When these vaccine viruses are injected into the animal, they multiply within the cells and tissues of the animal, growing to large populations. It sounds terrible, but it is actually a good thing that they do multiply: greater numbers of viral particles mean that the immune system will be exposed to greater volumes of viral vaccine antigens. A greater immune response will be triggered to 'kill' off these millions of viral antigens and the end result will be higher levels of protective antibodies floating through the blood and greater numbers of memory T and B cells waiting to protect the body in the face of attack with a real, disease causing organism.

It is because of this greater immunoprotective response to the live vaccines, that live attenuated vaccines are preferred over killed-type vaccines for immunizing normal animals where possible. There are, however, times when a live vaccine is contraindicated (unsafe to use) and organisms for which the creation of live vaccine is not possible or safe (see contraindications section below)..

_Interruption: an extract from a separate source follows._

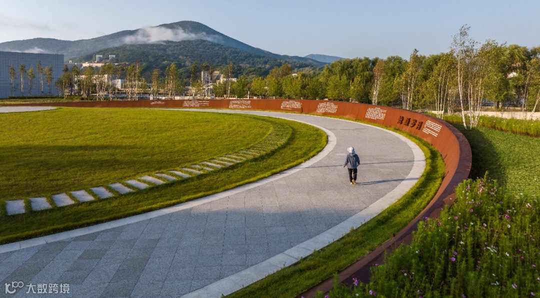 依托松花湖独特的山水格局与自然资源,园区整体嵌入东北广袤的山水之间。优质的自然本底、各异的建成元素、多元的使用功能给设计提出了新的挑战。如何使新建景观与大山、大江、大坝的宏大尺度相协调,又能统领不同风貌的景观元素,同时还能铭记丰满建设精神,成为设计的主要切入点。

The reason that the young animal with the naive immune system (immune system that has never encountered the particular viral antigen before) does not get sick as a result of the vaccination with live, infectious vaccine virus is that the viruses used in the vaccines are avirulent strains. This means that, although they can multiply and infect the cells of the cat or dog in a similar fashion to the nasty forms of virus that exist in the environment, they differ enough in infectivity from their wild-type, disease-causing relatives that they are generally unable to cause severe disease signs in animals with a normal immune system. For example, the avirulent viruses may not replicate as fast or they might not access cells as quickly as the wild-type viruses and, thus, they will not have had as much chance to cause severe disease by the time the immune system catches up (around 2 weeks for a naive immune system).

Images of various vaccine bottles, showing the terms used (avirulent, living, live etc.) to indicate live attenuated vaccines.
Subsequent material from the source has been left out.